Surrounded by the carnage of A$33 billion in spending cuts and deferments, Treasurer Wayne Swan will today begin the job of selling his budget to a sceptical Australia.
Accused by the Opposition of "fiddling the books" even before revealing his strategy to parliament last night, Swan has promised to deliver a A$1.5 billion surplus in 2012-13, with more to follow.
"The deficit years of the global recession are behind us," he said.
"The surplus years are here."
Swan is marketing Australia as a nation of strength and resilience "walking tall" in a less robust world, while returning to Labor roots by using projected net annual revenues of A$3 billion - and rising - from the new resources rental tax to spread the benefits of the mining boom.
While hewing into government programmes, the public service, defence, and the wealthy, Swan freed more than one million workers from paying income tax by trebling the tax-free threshold to A$18,000, cut taxes for others, lifted a range of benefits and announced new family payments.
He also announced the first stage of a national disability insurance scheme, a dental programme for the low-paid, boosts for hospitals and aged care services, and increased spending on roads and rail.
Swan has economic and political need to succeed in his sales pitch.
Commentators and some senior business leaders have warned that insistence on a surplus could rebound on the economy.
Politically, the Government survives on a wafer-thin majority, with polls pointing to a landslide defeat at next year's election and renewed rumblings about the leadership of Prime Minister Julia Gillard.

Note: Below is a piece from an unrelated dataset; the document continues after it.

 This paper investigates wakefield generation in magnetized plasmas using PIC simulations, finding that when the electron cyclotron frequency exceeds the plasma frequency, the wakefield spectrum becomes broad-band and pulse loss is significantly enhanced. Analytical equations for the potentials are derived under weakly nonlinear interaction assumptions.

The budget also comes amid plummeting revenue - down a projected A$24 billion in the coming year and A$150 billion over the five years since the global financial crisis.
Budget forecasts predict economic growth of 3.5 per cent in 2012-13, slowing to 3 per cent the following year, with unemployment of 5.5 per cent for the next 24 months.

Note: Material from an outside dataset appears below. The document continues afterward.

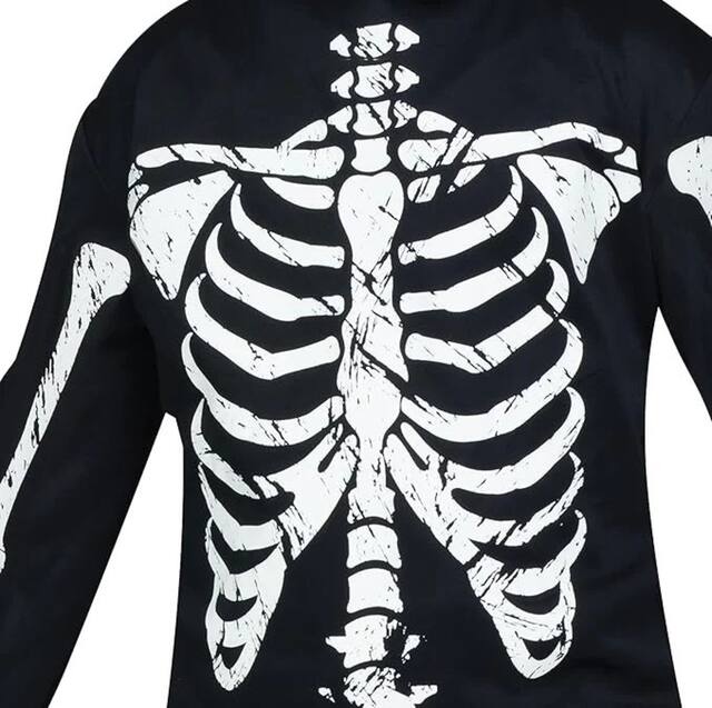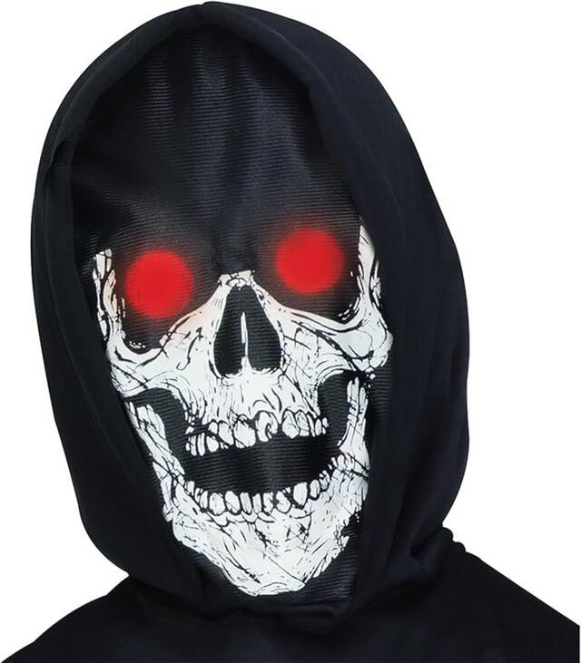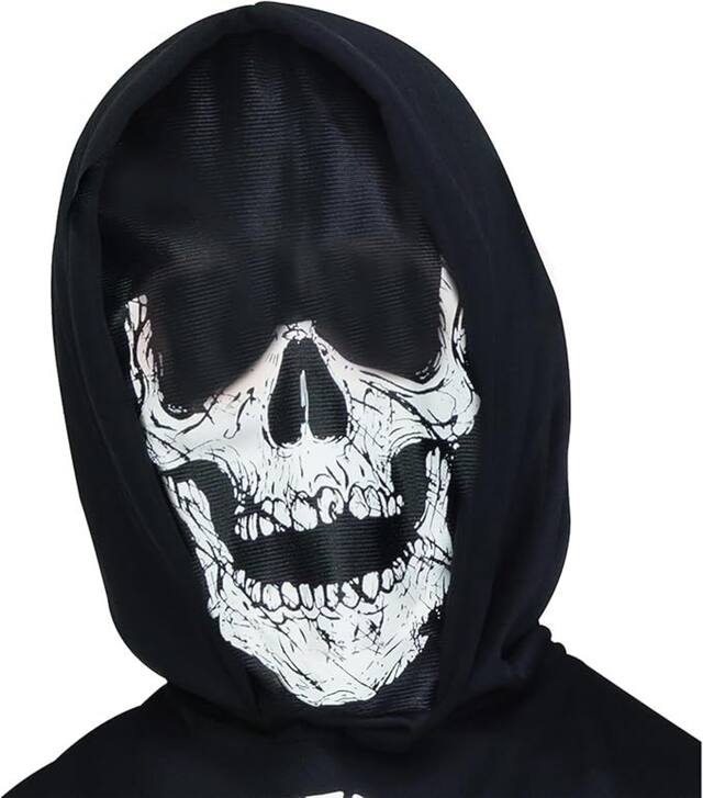 Phantom Fade In Fade Out Skeleton Jumpsuit Halloween Costume includes a jumpsuit, hooded mask, fade in fade out eyes light up mechanism

The Treasury also expects modest growth in consumer spending, little recovery in the housing market, subdued business investment outside the resources sector and sliding terms of trade over the next two years.
Swan announced spending cuts of A$33.6 billion, including reductions in the defence budget, clampdowns and cutbacks in welfare and pharmaceutical programmes, and a 4 per cent pruning in the public service.
But small businesses will be allowed to claim losses of up to A$1 million against tax they have paid in the previous two years. Swan announced new annual lump sum allowances of up to A$350 for struggling families, and a means-tested "schoolkids bonus" of A$410 for every primary school pupil and A$820 for secondary students.
"Ours is a country where people who work hard should get fairly rewarded," he said.